Music that everyone can dance to
Country music in a rural honky-tonk inspires writer Rebecca Solnit to ponder the class and cultural underpinnings of the “crisis of environmentalism,” which has caused so much green soul-searching in recent years. “One Nation Under Elvis: An environmentalism for us all,” in the latest issue of Orion Magazine, explores the divide between urban and rural, left and right, environmentalist and rancher in musical tastes.
Solnit recalls enviros she’s known who seemed more offended by rural culture and lifestyle (and music) than by any actual damage that culture was doing to the land, or liberals who scorn backward rednecks for their religion and politics. There’s the other side, of course, like people wearing t-shirts that say WRANGLERS (Western Ranchers Against No-Good Leftist Environmental Radical Shitheads).
It begins to sound cliché, but of course there’s common ground. Not always, but often, these are artificial divides that we have missed important opportunities to bridge. It’s a loss to us all. She writes, “The result of all this has been a marginalized environmental movement . . . that has alienated the people who often live closest to ‘the environment.’” Beyond the strategic expedience of bridging the gaps, she also says that something “will go out of us if the resourcefulness, rootedness, and richness of rural culture disappears.”

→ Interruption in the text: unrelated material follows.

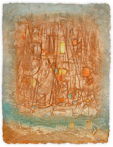 rgba(255,255,255,1) Henri BavieraVENOVIA — 2003Gravure polychromie-relief sur papier Larroque, 65 x 51 cm pour une feuille de 65 x 51 cm.Tirage incomplet à 50 exemplaires.© Atelier Henri Baviera Demande d'information
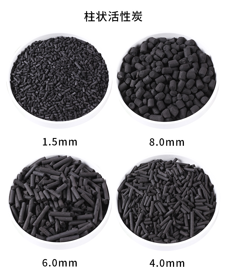 柱狀活性炭目視最容易判別的是外觀直徑及粒徑,常規(guī)產(chǎn)品分為:直徑1.5mm,3mm、4mm、5mm、6mm、8mm。 其中1.5mm柱狀活性炭在水處理方面以及防化面罩方面應(yīng)用的比較廣泛。3mm或4mm的柱狀活性炭在廢氣治理方面是應(yīng)用最廣泛的。8mm的柱狀活性炭作為脫硫脫硝活性炭應(yīng)用比較多。但是活性炭的應(yīng)用并不僅限于此,活性炭的應(yīng)用是廣泛且靈活的,可以根據(jù)實(shí)際不同的設(shè)計(jì)工藝,使用不同的活性炭規(guī)格。

“Yes!,” I said aloud as I was reading this. That’s exactly the point HCN and others often miss about ideas like the “radical center” and organizations like The Quivira Coalition (HCN 9/5/05) (full disclosure: I am the current chair of the radical centrist Quivira Coalition). Then she mentions Quivira as one example of cultivating that common ground.
But we need more. If we want this movement to succeed and the land to thrive we need to be making more friends than enemies. As Solnit puts it, creating “a music that everyone can dance to.”
By the way, always great music at Quivira Coalition conferences.